Have you been running for a few months now, but feel like you’re just not getting any fitter?
Well… that’s common, and the answer is simple. As strange as it sounds it’s probably because you’re not running slow enough; I’ll explain why this important.
Many people take up running at that start of the year to get fitter, leaner and stronger. You may be doing a few runs a week and noticing that you’re feeling good, but just not getting much fitter.
This may be due to doing the same run, at the same pace, at an intensity where you feel pretty knackered at the end of it.
While it’s great that you’re being active and getting into running, to get the most out of your running you need to learn to mix up your runs (speed, duration, terrain). It’s important to add in some slower runs so the heart can adapt to the increase in activity. Running slowly allows the heart to efficiently to pump blood & oxygen around the body, because it has time to expand and contract.
When you are running at a quicker pace, the heart is less efficient with pumping oxygen to the lungs and muscles that require it to keep running, so you will fatigue much quicker.
Whilst faster (high-intensity) runs are important, they place higher levels of stress on the heart muscle (and all muscles in the body for that matter), which then requires time over the following days to recover, adapt and become stronger and more efficient during higher-demand exercise.

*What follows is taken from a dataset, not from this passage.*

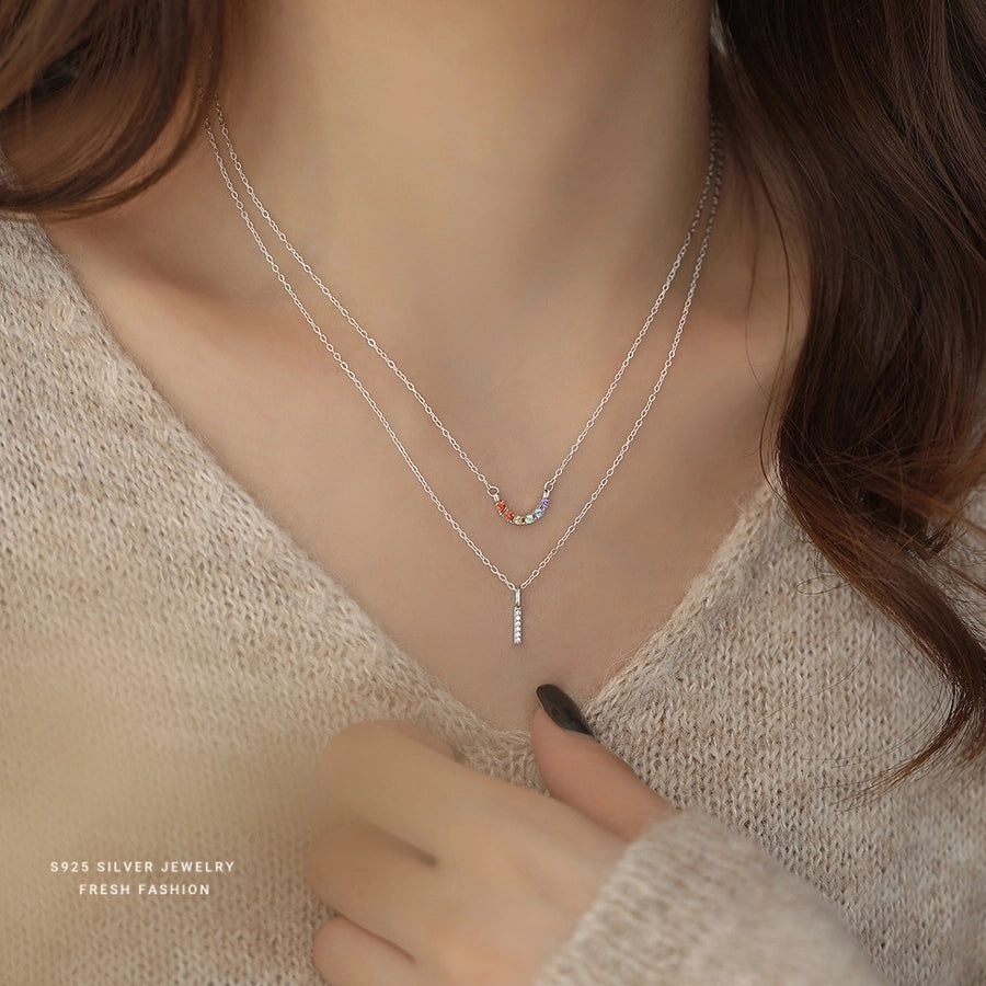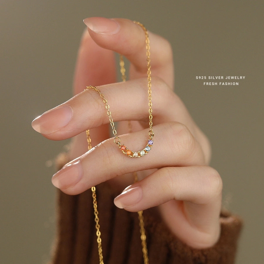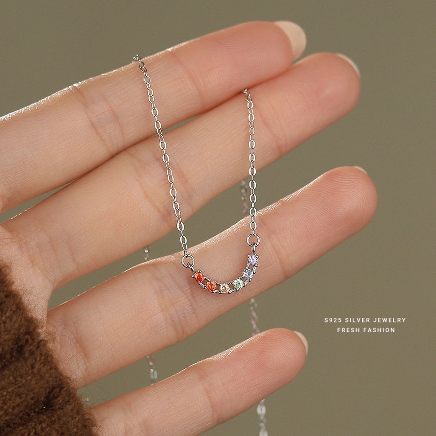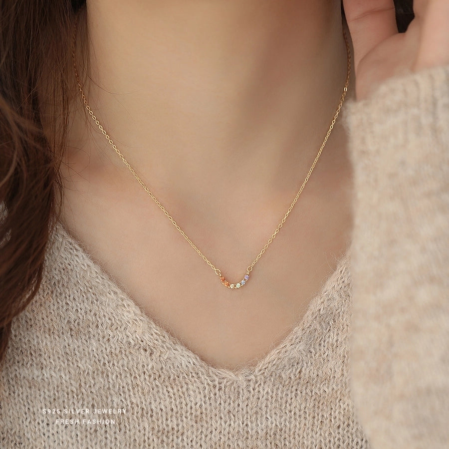 925 Sterling Silver Zircon cable chain Smile Face Necklace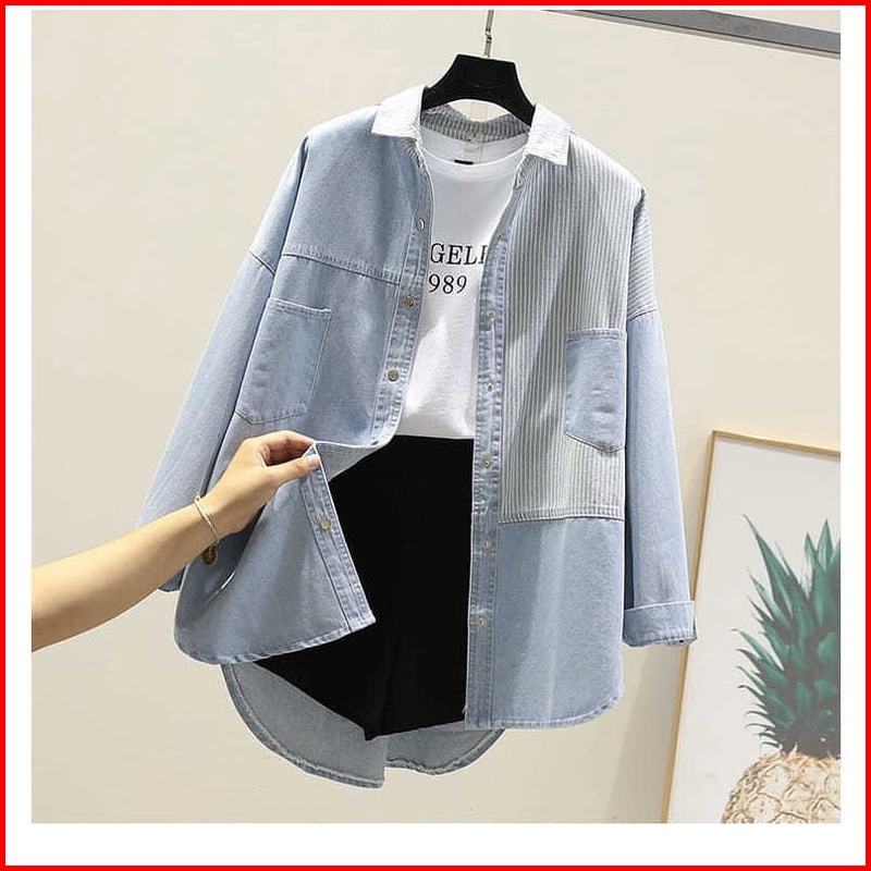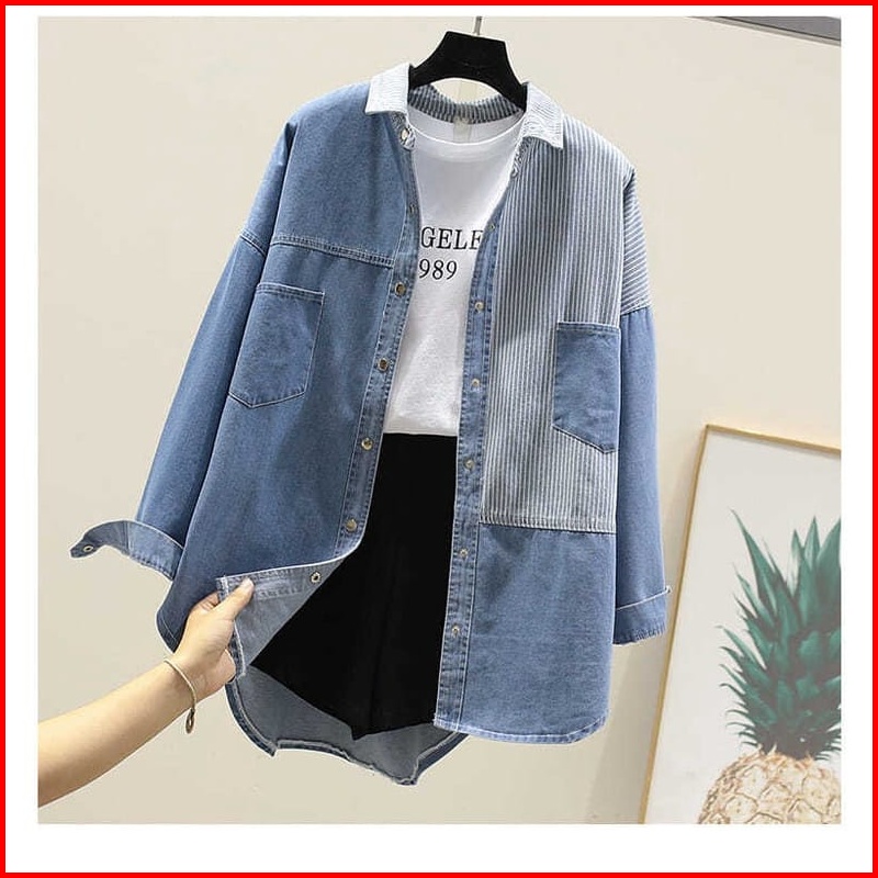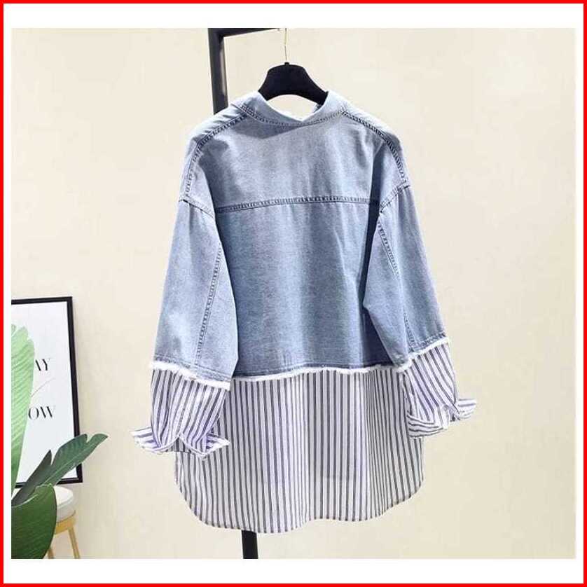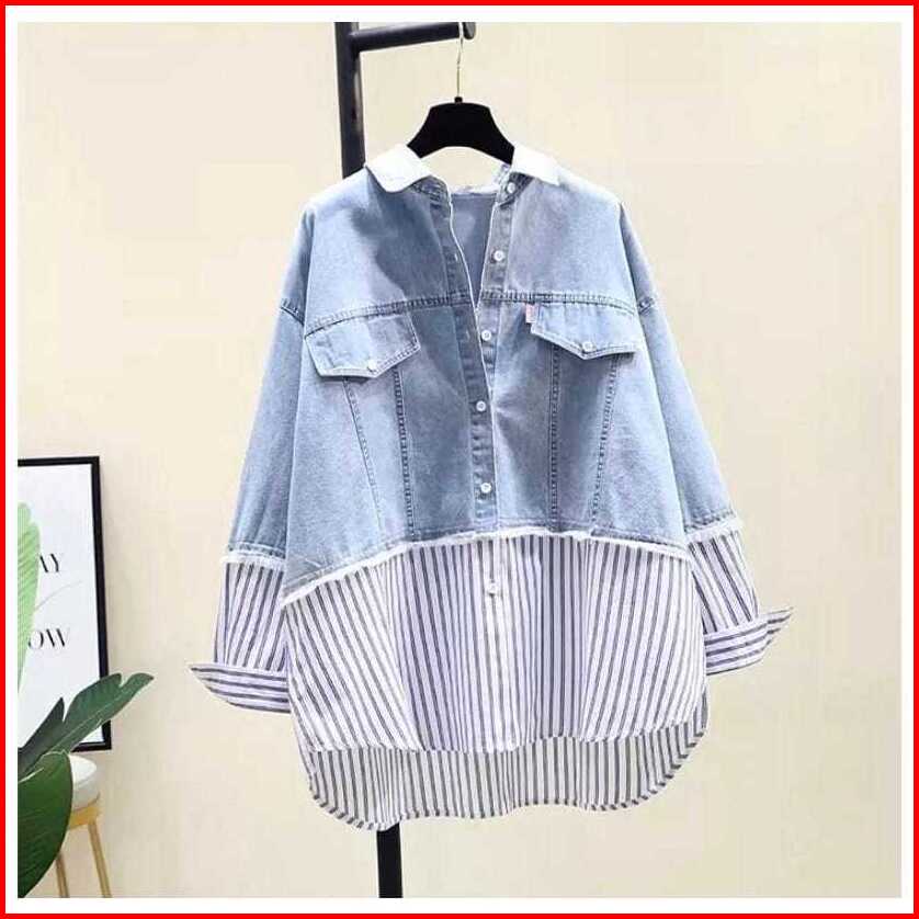 Atasan Jeans Kombinasi Salur Lengan Panjang Kemeja Denim Kombinasi Salur Style Korea

Slower runs grant the cardiovascular system the opportunity to recover from your higher intensity sessions, rather than layering high stress runs on top of each other which results in mounting fatigue and potential injury.
“So… how do I run slow and how slow should I run?”
You can easily access your heart rate if you have a smart watch (apple, Garmin, Fitbit etc.), and the heart rate you should run at for your slower (aerobic) runs is around 180bpm minus your age. E.g., If you’re 35, your slow run heart rate average should be around 145bpm.
If you don’t have a smart watch, then there’s a couple ways to know you’re running at the correct aerobic pace. The two easiest ways are:
1. You can hold a conversation whilst running.
2. You don’t have a suppression of appetite at the end of your run (you don’t have the feeling of your lunch wanting to come up or grasping straight for the water bottle).
By combining 1-2 slower runs with intermittent speed work, you will start to notice that you will be feeling a lot fresher during your runs and when you back up for your next session.
If you are still having issues after a few weeks, then it may be due to your running technique. If it is your technique, then we can make some adjustments in clinic.